4. Inference of protoneutron star properties from gravitational-wave data in core-collapse supernovae.

Author

Bizouard, Marie-Anne, Maturana-Russel, Patricio, Torres-Forné, Alejandro, Obergaulinger, Martin, Cerdá-Durán, Pablo, Christensen, Nelson, Font, José A., and Meyer, Renate

Subjects

*GRAVITATIONAL waves, *GRAVITATIONAL wave detectors, *SUPERNOVAE, *STELLAR oscillations, *DEGREES of freedom, *EQUATIONS of state, *BINARY black holes

Abstract

The eventual detection of gravitational waves from core-collapse supernovae (CCSNe) will help improve our current understanding of the explosion mechanism of massive stars. The stochastic nature of the late postbounce gravitational wave signal due to the nonlinear dynamics of the matter involved and the large number of degrees of freedom of the phenomenon make the source parameter inference problem very challenging. In this paper we take a step towards that goal and present a parameter estimation approach which is based on the gravitational waves associated with oscillations of protoneutron stars (PNS). Numerical simulations of CCSN have shown that buoyancy-driven g modes are responsible for a significant fraction of the gravitational wave signal and their time-frequency evolution is linked to the physical properties of the compact remnant through universal relations. We use a set of 1D CCSN simulations to build a model that relates the evolution of the PNS properties with the frequency of the dominant g mode, which is extracted from the gravitational-wave data using a new algorithm we have developed for our study. The model is used to infer the time evolution of a combination of the mass and the radius of the PNS. The performance of the method is estimated employing simulations of 2D CCSN waveforms covering a progenitor mass range between 11 and 40 solar masses and different equations of state.

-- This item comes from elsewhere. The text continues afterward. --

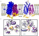 a. 尿酸結合型GLUT9の3次元マップ(左)とモデル(右)。細胞内外を隔てる脂質二重膜を薄い黄色で示している。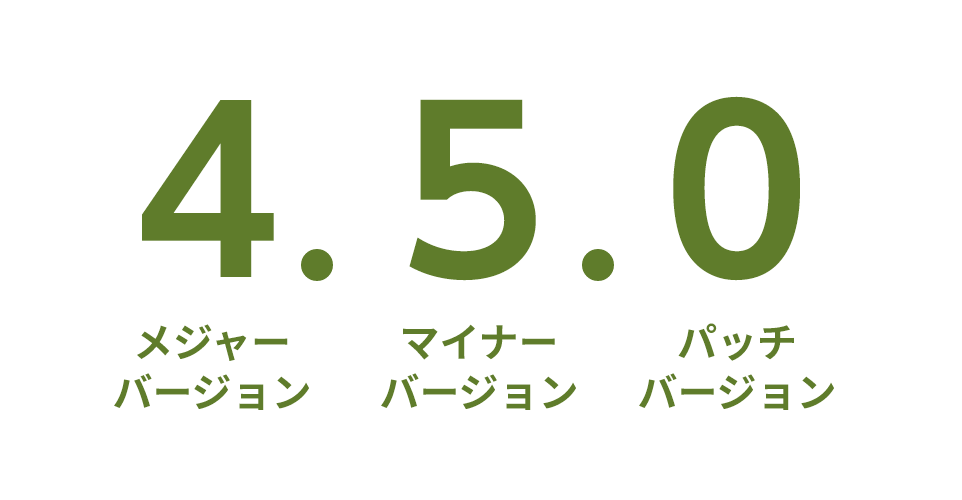 3つの数字の左から「メジャーバージョン.マイナーバージョン.パッチバージョン」となります。

Considering signals embedded in Gaussian gravitational wave detector noise, we show that it is possible to infer PNS properties for a galactic source using Advanced LIGO and Advanced Virgo data at design sensitivities. Third generation detectors such as Einstein Telescope and Cosmic Explorer will allow us to test distances of O(100 kpc). [ABSTRACT FROM AUTHOR]

Published

2021